*REQUIRED WORK*: Your answer must be the full listing, word for word, with no images in it.

== DATA EXTRACT ==

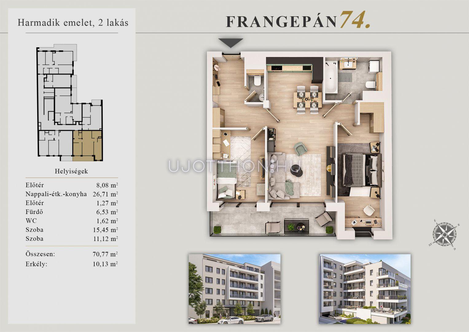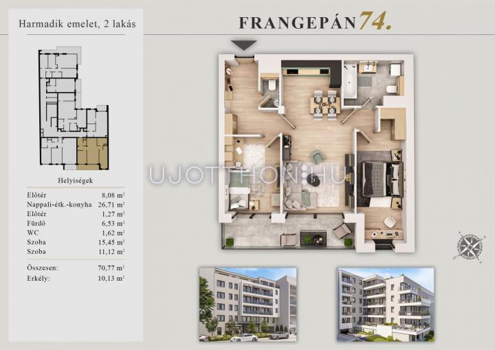 3 szobás 71 m2-es Lakás Frangepán 74 - Budapest XIII. kerület, Angyalföld, Frangepán utca 74
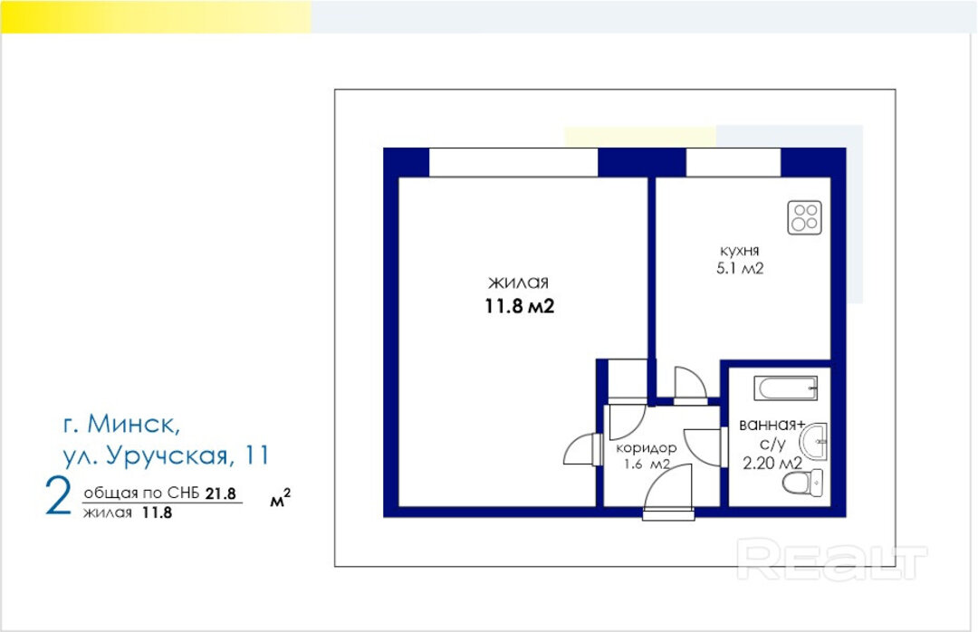 Пятиэтажный дом на Уручской, 11 был построен в 1969 году. Капремонт тут прошел в 2023-м. Однушка продается на первом этаже и занимает 21 м². Это малосемейка. Площадь кухни — 5,1 м².
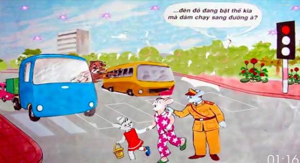 – Các cháu có nhìn thấy tín hiệu đèn đỏ kia không? Khi nào đèn đỏ tắt, đèn xanh bật lên các cháu mới được qua đường. Lần sau, hai cháu phải chú ý nhé!

===

*SOLUTION*:
 3 szobás 71 m2-es Lakás Frangepán 74 - Budapest XIII. kerület, Angyalföld, Frangepán utca 74
 Пятиэтажный дом на Уручской, 11 был построен в 1969 году. Капремонт тут прошел в 2023-м. Однушка продается на первом этаже и занимает 21 м². Это малосемейка. Площадь кухни — 5,1 м².
 – Các cháu có nhìn thấy tín hiệu đèn đỏ kia không? Khi nào đèn đỏ tắt, đèn xanh bật lên các cháu mới được qua đường. Lần sau, hai cháu phải chú ý nhé!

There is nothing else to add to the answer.